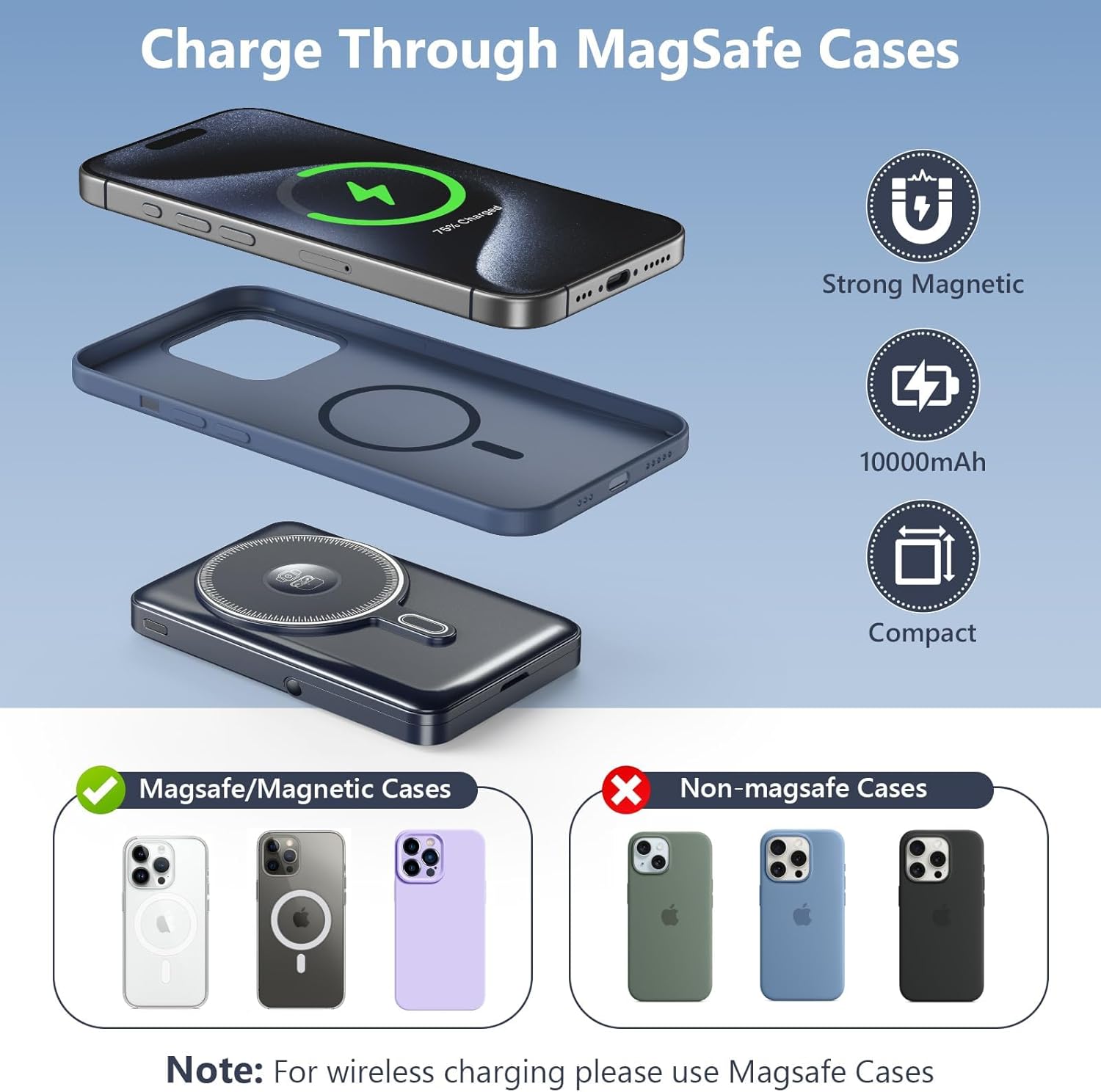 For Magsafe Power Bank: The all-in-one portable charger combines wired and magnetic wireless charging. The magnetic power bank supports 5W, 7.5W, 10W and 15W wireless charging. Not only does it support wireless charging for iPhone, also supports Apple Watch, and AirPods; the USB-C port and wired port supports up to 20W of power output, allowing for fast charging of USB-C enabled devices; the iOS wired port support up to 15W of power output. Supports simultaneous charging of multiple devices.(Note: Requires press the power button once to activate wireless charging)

· · · ·

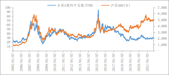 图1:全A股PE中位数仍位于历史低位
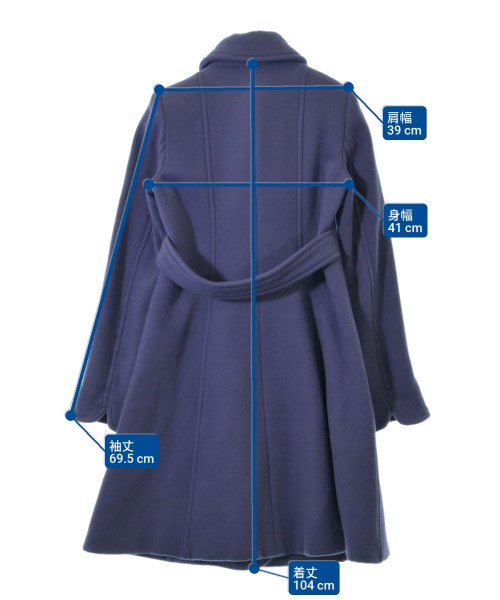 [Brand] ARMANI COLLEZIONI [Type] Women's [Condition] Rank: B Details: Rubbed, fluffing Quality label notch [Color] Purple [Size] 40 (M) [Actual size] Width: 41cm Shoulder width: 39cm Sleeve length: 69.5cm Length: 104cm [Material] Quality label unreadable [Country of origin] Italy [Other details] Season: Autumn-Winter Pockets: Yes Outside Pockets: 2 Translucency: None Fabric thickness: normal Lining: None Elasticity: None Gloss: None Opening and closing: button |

· · · ·

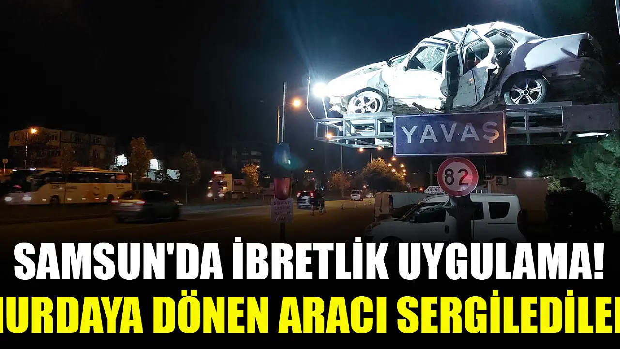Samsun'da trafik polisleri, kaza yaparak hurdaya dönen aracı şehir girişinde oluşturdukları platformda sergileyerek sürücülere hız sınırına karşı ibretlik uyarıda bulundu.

· · · ·

Problem details: Transcribe, exactly and without pictures, everything in the data from the line with "图1:全A股PE中位数仍位于历史低位" down to the line with "[Brand] ARMANI COLLEZIONI", both included.

Solution to this problem:
 图1:全A股PE中位数仍位于历史低位
 [Brand] ARMANI COLLEZIONI [Type] Women's [Condition] Rank: B Details: Rubbed, fluffing Quality label notch [Color] Purple [Size] 40 (M) [Actual size] Width: 41cm Shoulder width: 39cm Sleeve length: 69.5cm Length: 104cm [Material] Quality label unreadable [Country of origin] Italy [Other details] Season: Autumn-Winter Pockets: Yes Outside Pockets: 2 Translucency: None Fabric thickness: normal Lining: None Elasticity: None Gloss: None Opening and closing: button |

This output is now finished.